In this scatterplot we show the relationship between Speed and Distance by a non-linear (and non-parametric) loess smoother. An alternative would be a linear regression line if we consider linearity to be a reasonable assumption. Data points that fall far from this line can be considered to be potential multivariate outliers despite the fact that for the individual variables (i.e., a univariate analysis) their values are quite typical.

Note that this scatterplot was produced via the following R code (and then annotated by hand).

ggplot(cars, aes(x=speed, y=dist)) + 
  geom_point() +
  geom_smooth(method="loess") +
  labs(title="Stopping distance versus speed",
       x="Speed (mph)", y = "Distance (feet)")
## `geom_smooth()` using formula = 'y ~ x'

Although we have simply used visual inspection to identify potential outliers, more formal methods can be deployed.

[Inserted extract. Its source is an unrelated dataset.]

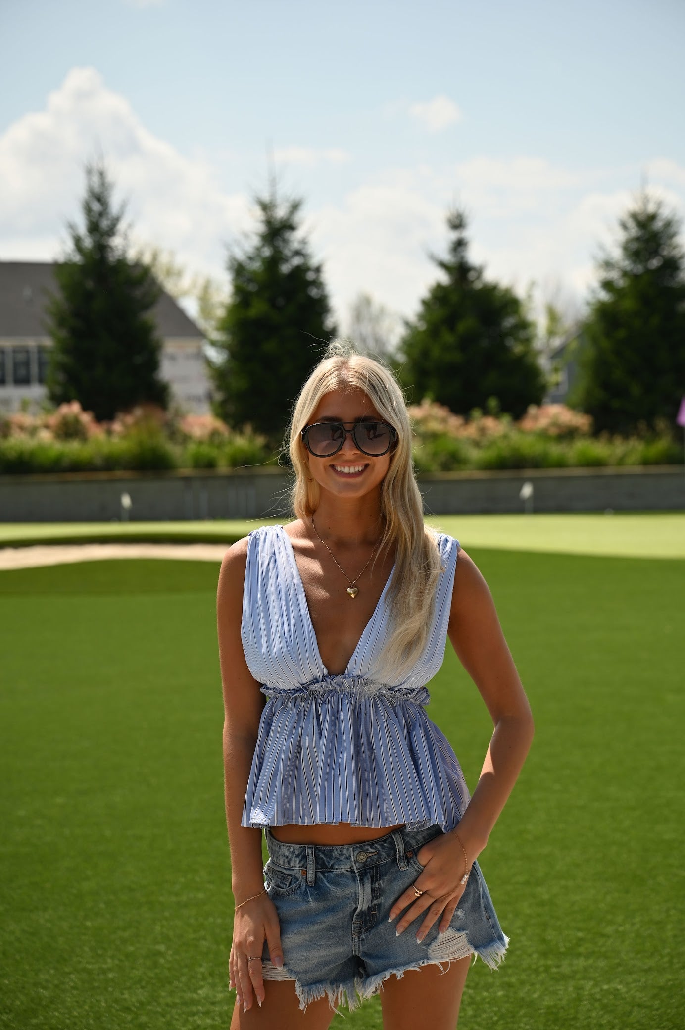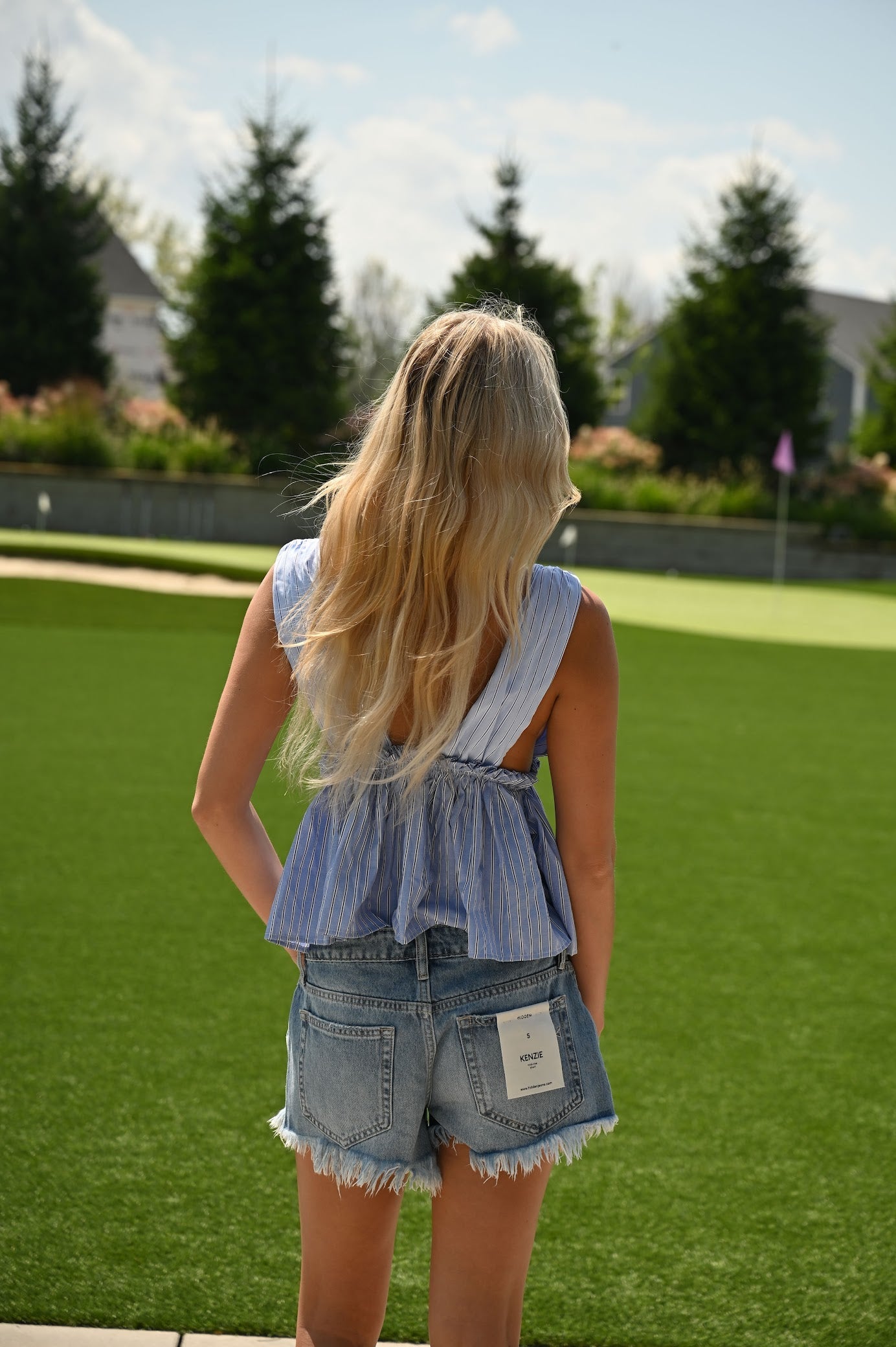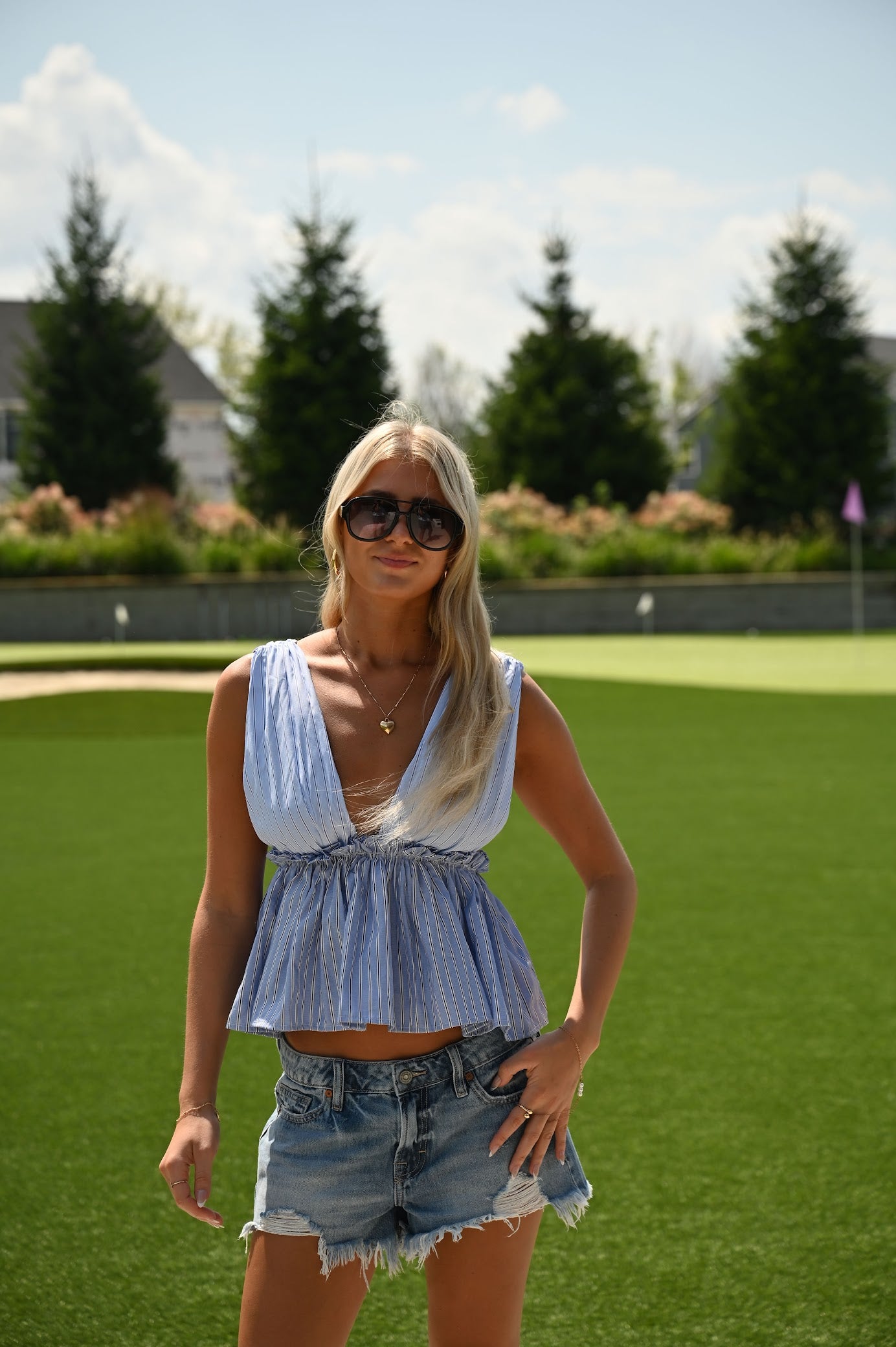 Dive into summer with our Atlantic Top in Baby Blue! This charming peplum silhouette features playful stripes that add a touch of nautical flair to your wardrobe. The fluttery peplum detail creates a flattering shape while the breezy fabric

For instance, one can use Mahalanobis distance, which is the distance of a data point from the calculated centroid of all other cases, where the centroid is calculated as the intersection of the means of the variables being investigated. NB There are robust alternatives such as medoids based on n-dimensional medians.

References

Anonymous. 2013. “What Are Outliers in the Data?” https://www.itl.nist.gov/div898/handbook/prc/section1/prc16.htm.
Kabacoff, Robert. 2015. R in Action: Data Analysis and Graphics with r. 2nd ed. Manning.
Wilcox, Rand R. 2011. Introduction to Robust Estimation and Hypothesis Testing. 3rd ed. Academic press.
Williamson, David F, Robert A Parker, and Juliette S Kendrick. 1989. “The Box Plot: A Simple Visual Method to Interpret Data.” Annals of Internal Medicine 110 (11): 916–21.